Self-described “Chairman of the Hoard” Nemo Gould is a master accumulator, of both materials and building techniques alike. His Oakland studio is a veritable museum of old objects and technology which he blends into his signature style of kinetic sculpture. His work pushes the limits of found object art and challenges the viewer to experience art through interaction and experience. Gould received his BFA from the Kansas City Art Institute in 1998, and his MFA in sculpture from U.C. Berkeley in 2000. His work is featured in museums and collections throughout the U.S. and abroad.

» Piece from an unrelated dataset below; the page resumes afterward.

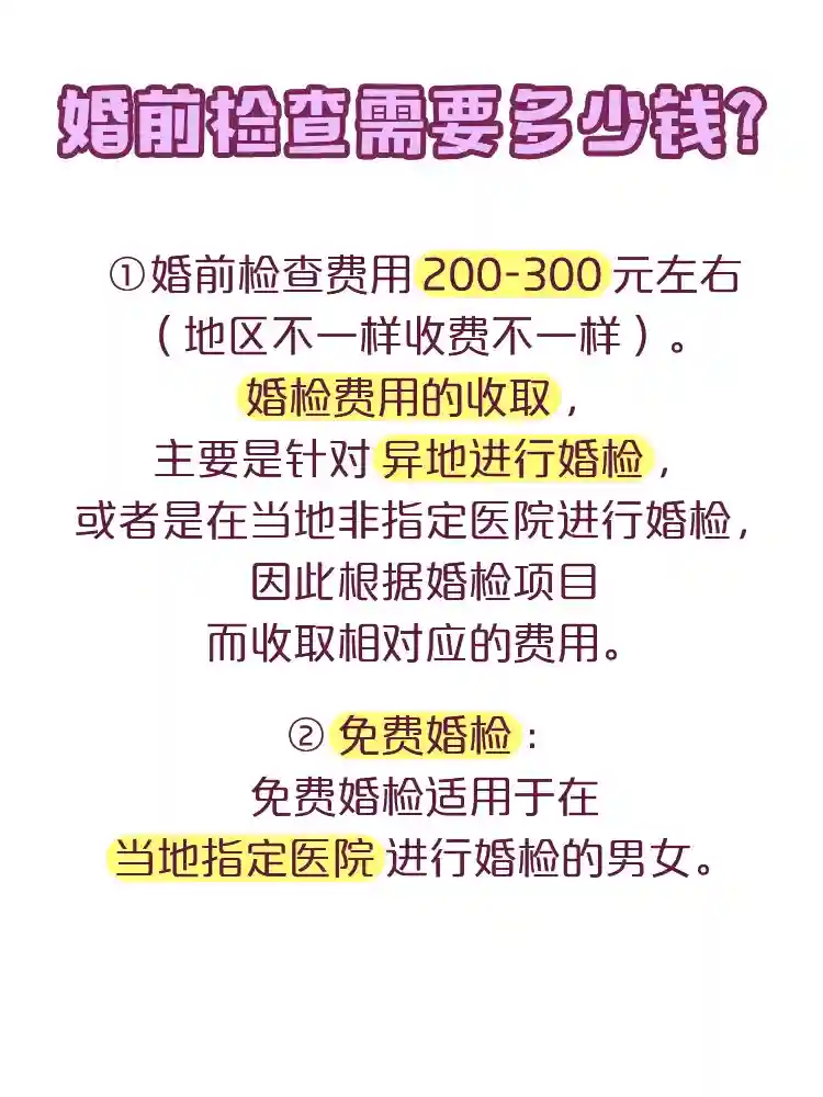 ①婚前检查费用200-300元左右(地区不一样收费不一样)。

Since the vast majority of work on this site is the product of found and salvaged materials I thought I should take a moment to elaborate on this process. While each sculpture takes quite a while to produce, a nearly equal amount of time is spent searching for “raw” materials. By this I mean salvaging from scrap metal yards, second-hand stores, and dumpsters. All of this material then needs to be taken to the studio, cleaned, stripped of unusable material and sorted for later use. The system for organization is a key to the success of the work. To all you fellow hoarders out there: If you don’t know what’s buried under that pile of crap in the corner, then it’s just garbage.
Due to the wide range of objects at my disposal, I have found it necessary to develop a number of skills not often associated with art making. You will notice an abundance of aluminum objects for example. These sculptures are formed by TIG (Tungsten Inert Gas) welding many found elements together and then sanding out the seams. Contrary to how these finished objects may look, I do not cast any raw metal. As my interests have developed I have expanded my process to include other materials like wood, cloth, and brass. With each new material comes new challenges. Much of the wood needs to be stripped of old stains and varnish and resurfaced again. Holes need filling, cracks need mending, and often missing parts need to be re-made from other scraps. My desire to create more engaging sculptures has driven me to become more familiar with electronics and wiring as well as mechanical engineering and machining. Once again elements of consumer devices are salvaged, repaired and recontextualized into new things.